The objective of this randomized, double-blind trial is to compare the efficacy and safety of 2 therapeutic regimens of fentanyl administration in a population of preterm newborns of GA <= 32 weeks in MV:

  • Group A) continuous infusion of Fentanyl + open label boluses of Fentanyl;
  • Group B) continuous infusion of placebo + open label boluses of Fentanyl.

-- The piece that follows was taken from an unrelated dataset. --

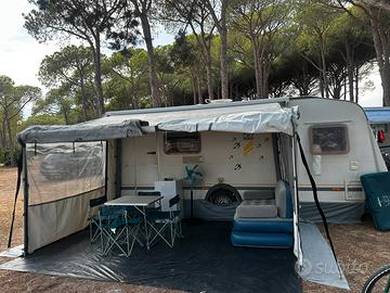 VENDO bellissima Knaus Sudwind 550 anno 2003 in ottime condizioni,vendo per passaggio a Camper.. 6 posti letto così composti: -Letto a castello posteriore a doghe(con luci notturne) -Dinette centrale grande,trasformabile in letto matrimoniale -Letto fisso anteriore matrimoniale alla francese con doghe -Tutte le zone sono separabili da apposite porte a scomparsa -Toilette con doccia e lavandino esterno,con grande specchiera Accessoriata con: -Antenna -Cucina a tre fuochi -Frigo trivalente -Stufa Truma a gas,canalizzata,a ventilazione forzata con bocchette a pavimento -WC Thetford a cassetta estraibile(c200) dall'esterno con serbatoio acqua dedicato -Maxi oblò -Boiler acqua calda Truma Therme -Serbatoio acque chiare -Finestre con oscuranti e zanzariere -Moover con telecomando -Portabici anteriore (2 posti) -Stabilizzatore AL-KO Aks -Ruota di scorta -Luce esterna(per la veranda) -Tantissimi armadi cassetti e scarpiera -Gavone frontale(apertura a chiave da l’esterno) -Gavone laterale sotto il letto matrimoniale(apertura a chiave da l’esterno,e internamente sollevando il materasso) -Gavone sotto il letto a castello(apertura da l’interno sollevando il materasso) -Tendalino Fiamma Zip 450cm,con -Veranda Fiamma Zip(si monta al tendalino con le apposite zip)con doppia finestra con zanzariere • Dimensioni e pesi: - lunghezza incluso timone 735 cm - larghezza 248 cm - peso a vuoto 1190 kg -F2 1400 Kg(massa a massimo carico) Prezzo €12000 Trattabili Whatsapp +393408397185 Alessandro

The primary objective of the study is to evaluate the analgesic superiority of Fentanyl given as 'continuous infusion + boluses' versus 'boluses alone' by comparing pain scores obtained by the application of validated algometric scales for chronic pain (EDIN - Echelle Douleur Inconfort Nouveau-Nè) and acute pain (PIPP- Premature Infant Pain Profile).

The secondary objective of the study is to evaluate the safety equivalence of the above 2 therapeutic regimens by recording:

  • Rate of mechanically ventilated newborns at one week of age
  • Age at which neonates will reach total enteral feeding
  • Age (hours) of first meconium passage
  • Incidence of intraventricular haemorrhage (IVH), periventricular leucomalacia (PVL) or death within 28 days of life
  • Incidence of bladder globe during the first week of life
  • Incidence of hypotension during the first week of life

5.2.1 Pain measurement: during the study phase acute pain will be measured once a day during a heel prick by a validated algometric scale for acute pain (PIPP); chronic pain will be measured 3 times a day by a validated algometric scale for chronic pain (EDIN). Inter-rater reliability has been shown acceptable for both scales (26,27). Moreover, in October 2006 the Coordinating Center organized a theoretical and practical course on the correct application of the PIPP and EDIN scales (26,27) for all the participating centers in order to reduce the inter-Center variability in pain measurement.

The EDIN scores will be recorded in a specific CRF (CRF N°1, p. 15). The PIPP scores will be reported in a specific CRF (CRF N° 1, pp. 8-14).

5.2.2 Painful procedures: the following painful procedures, as well as the action taken to reduce pain, will be recorded in the same CRF (CRF N° 1, pp. 8-14):

  • heel pricks
  • endotracheal aspirations
  • venous blood samplings
  • pneumothorax drainage
  • peripherally inserted central catheter positioning
  • others (specify) 5.2.3 Fentanyl open label boluses administration: all the boluses of open label fentanyl administered according to the criteria reported in paragraph 6.1.1 have to be recorded in a special CRF (CRF N° 1, p. 7).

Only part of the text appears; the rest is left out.